• **What the exercise asks**:
Would you print the lines below exactly, beginning at the line that has "steel—durable and rust-resistant" and stopping after the line that has "Vestido Lucia Midi Manga"? Only those lines, and no pictures.

• **Data for processing**:
-*-*-
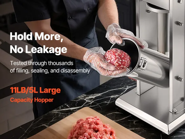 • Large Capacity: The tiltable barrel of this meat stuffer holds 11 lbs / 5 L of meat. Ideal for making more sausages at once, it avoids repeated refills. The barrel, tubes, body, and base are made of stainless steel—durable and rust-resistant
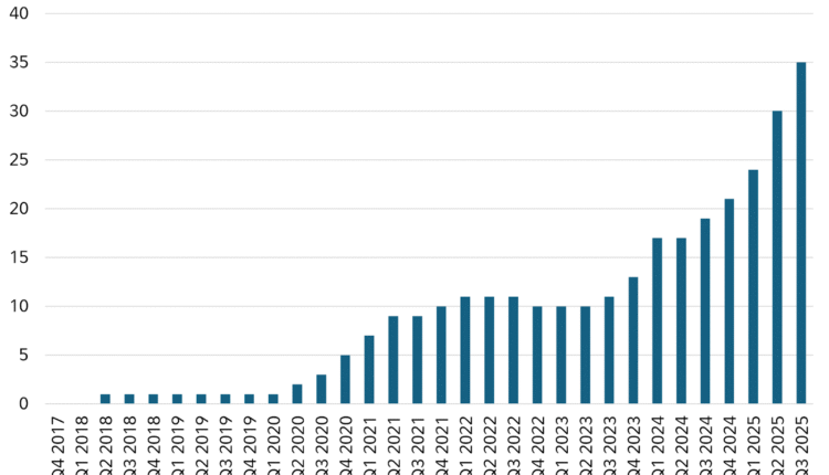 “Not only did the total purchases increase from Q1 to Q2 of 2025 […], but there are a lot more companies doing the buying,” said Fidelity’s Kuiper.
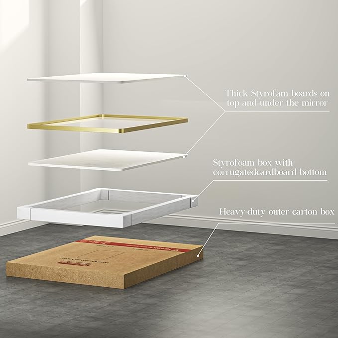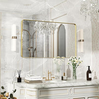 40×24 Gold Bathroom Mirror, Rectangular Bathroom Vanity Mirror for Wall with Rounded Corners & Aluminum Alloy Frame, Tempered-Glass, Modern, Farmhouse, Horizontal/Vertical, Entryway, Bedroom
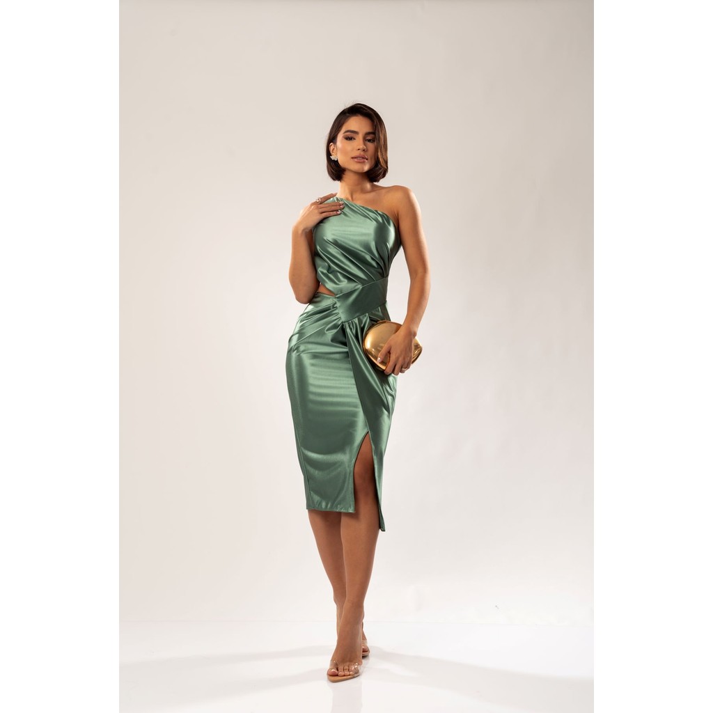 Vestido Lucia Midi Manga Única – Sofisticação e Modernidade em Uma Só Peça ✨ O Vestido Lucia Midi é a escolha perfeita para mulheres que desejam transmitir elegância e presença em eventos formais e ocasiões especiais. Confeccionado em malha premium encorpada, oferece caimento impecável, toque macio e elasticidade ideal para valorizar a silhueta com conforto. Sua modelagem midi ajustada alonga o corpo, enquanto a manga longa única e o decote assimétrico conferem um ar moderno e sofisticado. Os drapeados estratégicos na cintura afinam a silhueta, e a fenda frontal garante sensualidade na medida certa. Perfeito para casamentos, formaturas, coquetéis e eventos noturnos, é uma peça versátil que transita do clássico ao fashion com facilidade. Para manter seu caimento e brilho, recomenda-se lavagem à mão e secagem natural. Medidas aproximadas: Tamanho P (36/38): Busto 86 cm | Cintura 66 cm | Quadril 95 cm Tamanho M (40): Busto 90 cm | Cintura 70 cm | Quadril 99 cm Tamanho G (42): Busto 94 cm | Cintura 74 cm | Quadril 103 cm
-*-*-
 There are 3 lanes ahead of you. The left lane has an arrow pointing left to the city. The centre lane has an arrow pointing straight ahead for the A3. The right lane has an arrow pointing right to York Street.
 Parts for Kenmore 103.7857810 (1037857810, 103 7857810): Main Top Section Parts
-*-*-
• **Written answer**:
 • Large Capacity: The tiltable barrel of this meat stuffer holds 11 lbs / 5 L of meat. Ideal for making more sausages at once, it avoids repeated refills. The barrel, tubes, body, and base are made of stainless steel—durable and rust-resistant
 “Not only did the total purchases increase from Q1 to Q2 of 2025 […], but there are a lot more companies doing the buying,” said Fidelity’s Kuiper.
 40×24 Gold Bathroom Mirror, Rectangular Bathroom Vanity Mirror for Wall with Rounded Corners & Aluminum Alloy Frame, Tempered-Glass, Modern, Farmhouse, Horizontal/Vertical, Entryway, Bedroom
 Vestido Lucia Midi Manga Única – Sofisticação e Modernidade em Uma Só Peça ✨ O Vestido Lucia Midi é a escolha perfeita para mulheres que desejam transmitir elegância e presença em eventos formais e ocasiões especiais. Confeccionado em malha premium encorpada, oferece caimento impecável, toque macio e elasticidade ideal para valorizar a silhueta com conforto. Sua modelagem midi ajustada alonga o corpo, enquanto a manga longa única e o decote assimétrico conferem um ar moderno e sofisticado. Os drapeados estratégicos na cintura afinam a silhueta, e a fenda frontal garante sensualidade na medida certa. Perfeito para casamentos, formaturas, coquetéis e eventos noturnos, é uma peça versátil que transita do clássico ao fashion com facilidade. Para manter seu caimento e brilho, recomenda-se lavagem à mão e secagem natural. Medidas aproximadas: Tamanho P (36/38): Busto 86 cm | Cintura 66 cm | Quadril 95 cm Tamanho M (40): Busto 90 cm | Cintura 70 cm | Quadril 99 cm Tamanho G (42): Busto 94 cm | Cintura 74 cm | Quadril 103 cm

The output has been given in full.